Pepper Common from Malabar.
Sinnamon from Seilan (Ceylon).
Spicknard from Zindi (Scinde) and Lahor.
Ginger Sorattin from Sorat (Surat) within Cambaia (Bay of Bengal).
Corall of Levant from Malabar.
Sal Ammoniacke from Zindi and Cambaia.
Camphora from Brimeo (Borneo) near to China.
Myrrha from Arabia Felix.
Borazo (Borax) from Cambaia and Lahor.
Ruvia to die withall, from Chalangi.
Allumme di Rocca (Rock Alum) from China and Constantinople.
Oppopanax from Persia.
Lignum Aloes from Cochin, China, and Malacca.
Laccha (Shell-lac) from Pegu and Balaguate.
Agaricum from Alemannia.
Bdellium from Arabia Felix.
Tamarinda from Balsara (Bassorah).
Safran (Saffron) from Balsara and Persia.
Thus from Secutra (Socotra).
Nux Vomica from Malabar.
Sanguis Draconis (Dragon's Blood) from Secutra.
Musk from Tartarie by way of China.
Indico (Indigo) from Zindi and Cambaia.
Silkes Fine from China.
Castorium (Castor Oil) from Almania.
Masticke from Sio.
Oppium from Pugia (Pegu) and Cambaia.
Dates from Arabia Felix and Alexandria.
Sena from Mecca.
Gumme Arabicke from Zaffo (Jaffa).
Ladanum (Laudanum) from Cyprus and Candia.
Lapis Lazzudis from Persia.
Auripigmentum (Gold Paint) from many places of Turkey.
Rubarbe from Persia and China.

These are only a few selections from Barrett's list, but will
sufficiently indicate what a large number of household luxuries,
and even necessities, were derived from Asia in the Middle Ages.
The Arabs had practically the monopoly of this trade, and as Europe
had scarcely anything to offer in exchange except its gold and
silver coins, there was a continuous drain of the precious metals
from West to East, rendering the Sultans and Caliphs continuously
richer, and culminating in the splendours of Solomon the Magnificent.
Alexandria was practically the centre of all this trade, and most
of the nations of Europe found it necessary to establish factories
in that city, to safeguard the interests of their merchants, who
all sought for Eastern luxuries in its port Benjamin of Tudela,
a Jew, who visited it about 1172, gives the following description
of it:--

"The city is very mercantile, and affords an excellent market to
all nations. People from all Christian kingdoms resort to Alexandria,
from Valencia, Tuscany, Lombardy, Apulia, Amalfi, Sicilia, Raguvia,
Catalonia, Spain, Roussillon, Germany, Saxony, Denmark, England,
Flandres, Hainault, Normandy, France, Poitou, Anjou, Burgundy,
Mediana, Provence, Genoa, Pisa, Gascony, Arragon, and Navarre.
From the West you meet Mohammedans from Andalusia, Algarve, Africa,
and Arabia, as well as from the countries towards India, Savila,
Abyssinia, Nubia, Yemen, Mesopotamia, and Syria, besides Greeks
and Turks. From India they import all sorts of spices, which are
bought by Christian merchants. The city is full of bustle, and
every nation has its own fonteccho (or hostelry) there."
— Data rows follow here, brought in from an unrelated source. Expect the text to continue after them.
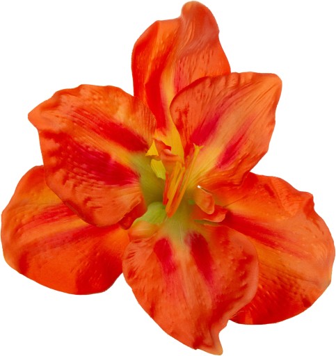 Oferta przedstawia dużą główkę amarylis wyrobowy. Produkt został wykonany z wysokiej jakości materiału. Główka jest w kolorze pomarańczowym. Na odwrocie posiada posiada miejsce na drut wyrobowy lub łodygę. Kwiat idealny do dekoracji, lub kompozycji florystycznych. Na innej naszej aukcji duży wybór łodyg i liści.
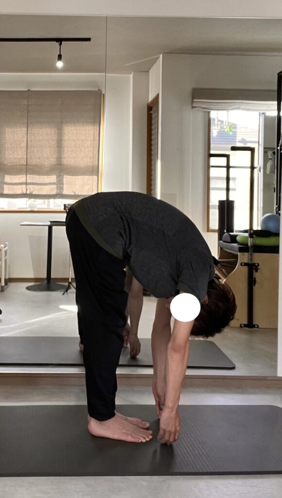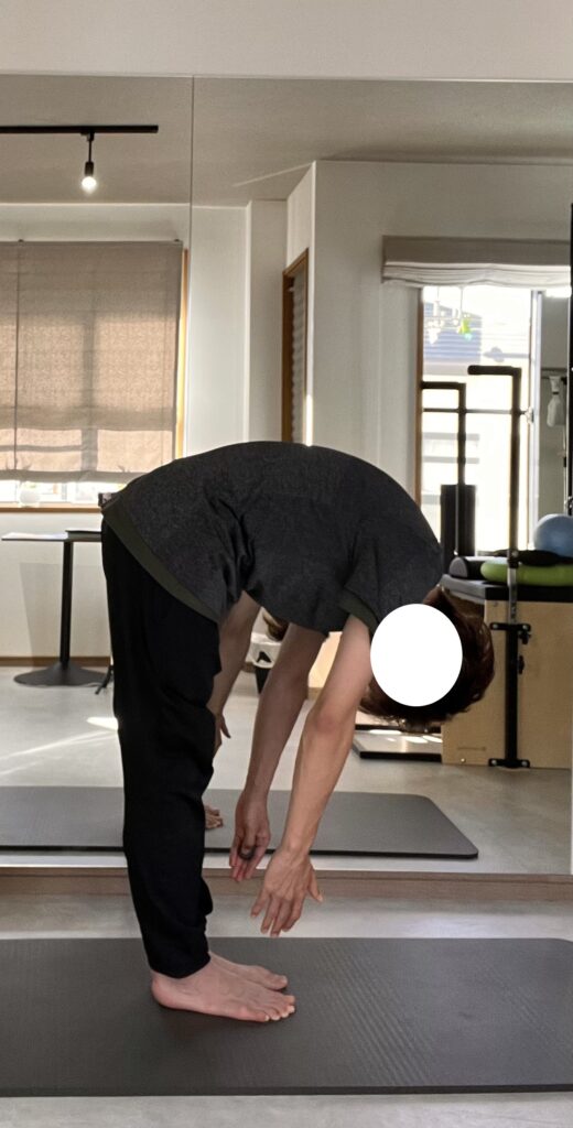 まず立位になります。その状態からゆっくりと頭部から尾側に向かって背骨を一つずつ動かしながら前屈をしていきます。そして前屈した後は尾側から頭部にかけて一つずつ背骨を起こしながら立位の状態に戻っていきます。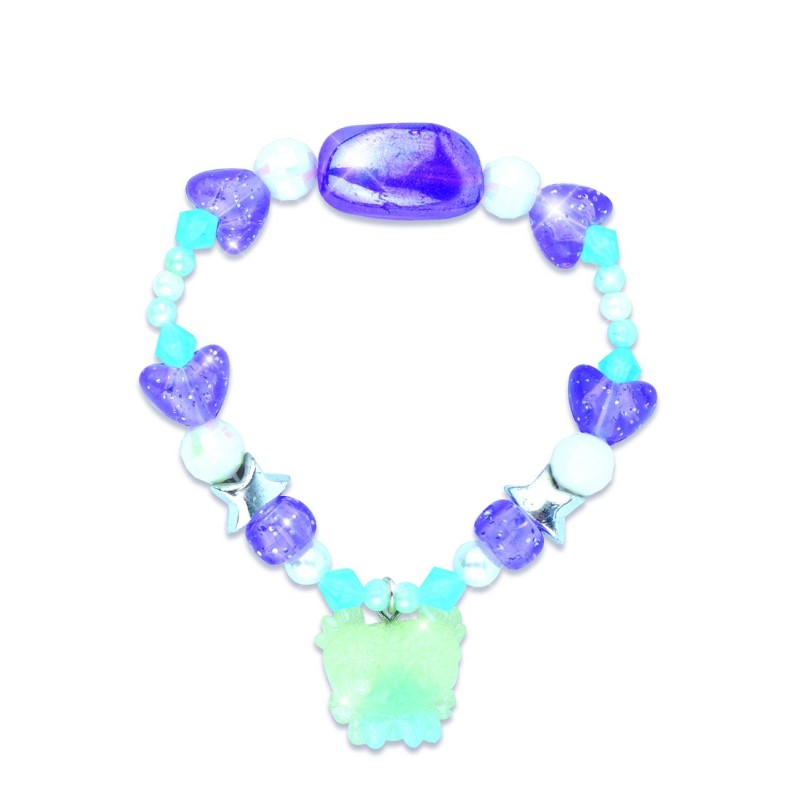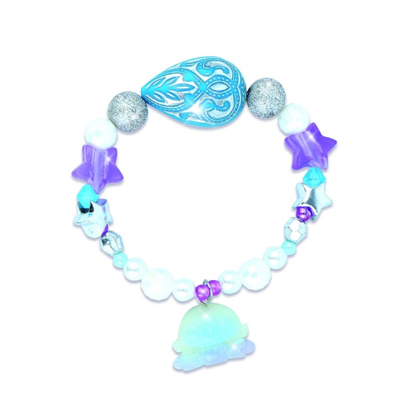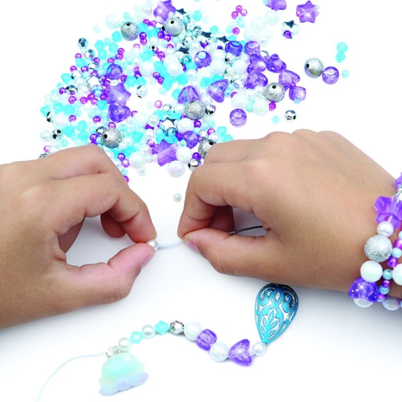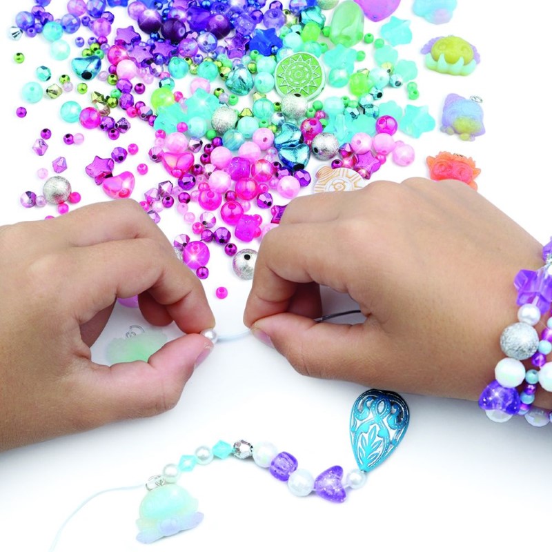 Комплект за изработка на бижута, съдържащ голямо разнообразие от цветни мъниста и 8 красиви талисмана, с които вашите деца ще могат да направят красиви гривни и гердани за тях и приятелите си.

Of all these nations, the Italians had the shortest voyage to make
before reaching Alexandria, and the Eastern trade practically fell
into their hands before the end of the thirteenth century. At first
Amalfi and Pisa were the chief ports, and, as we have seen, it
was at Amalfi that the mariner's compass was perfected; but soon
the two maritime towns at the heads of the two seas surrounding
Italy came to the front, owing to the advantages of their natural
position. Genoa and Venice for a long time competed with one another
for the monopoly of this trade, but the voyage from Venice was
more direct, and after a time Genoa had to content itself with
the trade with Constantinople and the northern overland route from
China. From Venice the spices, the jewels, the perfumes, and stuffs
of the East were transmitted north through Augsburg and Nuernberg
to Antwerp and Bruges and the Hanse Towns, receiving from them
the gold they had gained by their fisheries and textile goods.
England sent her wool to Italy, in order to tickle her palate and
her nose with the condiments and perfumes of the East.

The wealth and importance of Venice were due almost entirely to
this monopoly of the lucrative Eastern trade. By the fifteenth
century she had extended her dominions all along the lower valley
of the Po, into Dalmatia, parts of the Morea, and in Crete, till
at last, in 1489, she obtained possession of Cyprus, and thus had
stations all the way from Aleppo or Alexandria to the north of the
Adriatic. But just as she seemed to have reached the height of her
prosperity--when the Aldi were the chief printers in Europe, and
the Bellini were starting the great Venetian school of painting--a
formidable rival came to the front, who had been slowly preparing
a novel method of competition in the Eastern trade for nearly the
whole of the fifteenth century. With that method begins the great
epoch of modern geographical discovery.

[_Authorities:_ Heyd, _Commerce du Levant_, 2 vols., 1878.]




CHAPTER VI

TO THE INDIES EASTWARD--PRINCE HENRY AND VASCO DA GAMA

Up to the fifteenth century the inhabitants of the Iberian Peninsula
were chiefly occupied in slowly moving back the tide of Mohammedan
conquest, which had spread nearly throughout the country from 711
onwards. The last sigh of the Moor in Spain was to be uttered in
1492--an epoch-making year, both in history and in geography. But
Portugal, the western side of the peninsula, had got rid of her
Moors at a much earlier date--more that 200 years before--though
she found it difficult to preserve her independence from the
neighbouring kingdom of Castile. The attempt of King Juan of Castile
to conquer the country was repelled by Joao, a natural son of the
preceding king of Portugal, and in 1385 he became king, and freed
Portugal from any danger on the side of Castile by his victory
at Aljubarrota. He married Philippa, daughter of John of Gaunt;
and his third son, Henry, was destined to be the means of
revolutionising men's views of the inhabited globe. He first showed
his mettle in the capture of Ceuta, opposite Gibraltar, at the
time of the battle of Agincourt, 1415, and by this means he first
planted the Portuguese banner on the Moorish coast. This contact
with the Moors may possibly have first suggested to Prince Henry
the idea of planting similar factory-fortresses among the Mussulmans
of India; but, whatever the cause, he began, from about the year
1418, to devote all his thoughts and attention to the possibility
of reaching India otherwise than through the known routes, and
for that purpose established himself on the rocky promontory of
Sagres, almost the most western spot on the continent of Europe.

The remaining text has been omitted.